Whoa. So his mom wasn't talking to him, but his dad (your brother?) is still his biggest champion? I have to say....he does have some special form of audacity. I had a toxic relative, but she had some issues; she invented very untrue stories about me and I washed my hands of her. Luckily, those that mattered knew they were untrue. I made the decision to avoid her and not reach out. Sure, I heard about her, but unlike your relative, she stayed away from me (and played the martyr for it, but oh well). She ended up self-destructing and is no longer alive, but she was in denial until the end. She wanted an audience, not true help, and I suspected that she stayed away from me b/c she knew I would call her on her BS.
And actually, I think that's what you should do with any relatives who keep pressuring you to reconcile. Make it VERY uncomfortable for them to bring it up to you. Suggest that you've been hearing that all he's doing is hitting up people for cash and supplies because he can't support/provide for his own child. And if that's the case, the child deserves more than that. Perhaps THEY should think about what's best for the child; if they have to continuously hit up family to provide even the basic necessities for the baby, then THEY should think about relinquishing their parental rights to another loving couple who desperately wants AND CAN PROVIDE FOR a child. When they ask you for help, put it back on THEM, as the parents.
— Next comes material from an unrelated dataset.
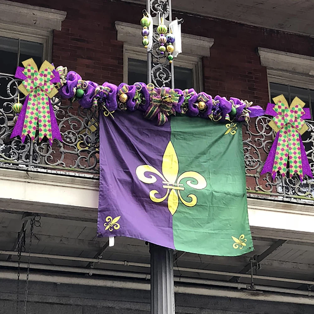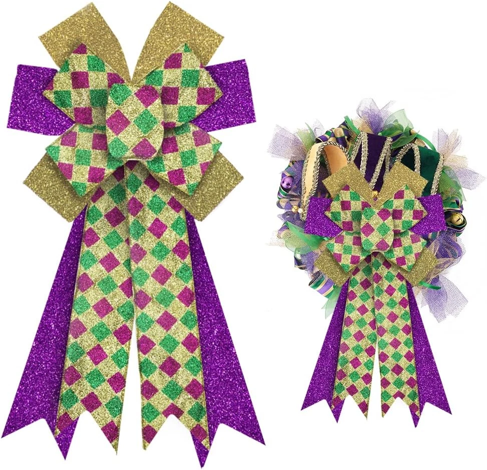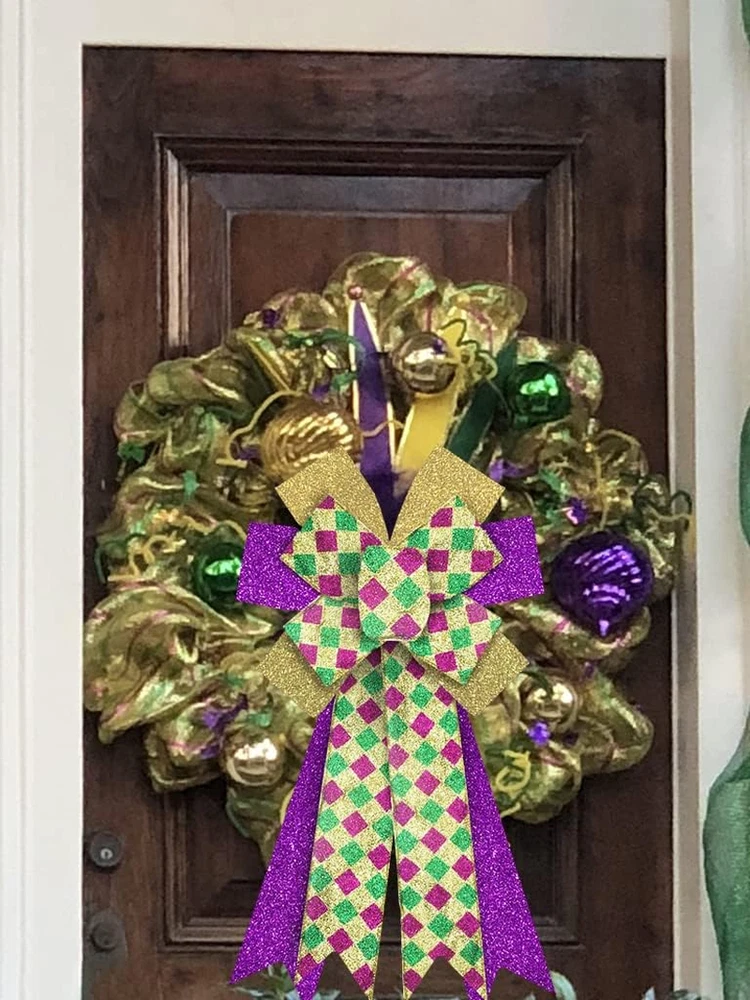 Large Mardi Gras Bows for Wreaths, Mardi Gras Wreath Bows, Glitter Purple Gold G

Now, I'm not suggesting that you say this to the guy who's cut off (continue to ignore him, call the cops, whatever), but to any flying monkeys that may try to guilt you or sing his praises. Of course, this means that you'd have to actually engage a conversation on the subject. But just maybe that would be the thing that would get them to stop asking you: make it VERY uncomfortable for them to bring it up further, because they now know that you're talking about a WAY different solution to them not being able to support their child. Rather than you just handing over money, they should do the right thing and give the child a better home than what they can provide. If they say, "Think about the baaaaaabbbbyyyy!" then you can say, "Yes, I am, and I think the child be better off with a family who can support it without having to harass relatives whom they have grievously wronged." You could even go one step farther and offer to call an adoption case worker/social worker for them.
Right now, you're not making it uncomfortable enough for the flying monkeys who are harassing you. Make them uncomfortable with your responses, and I bet they'll stop the harassment/pressure.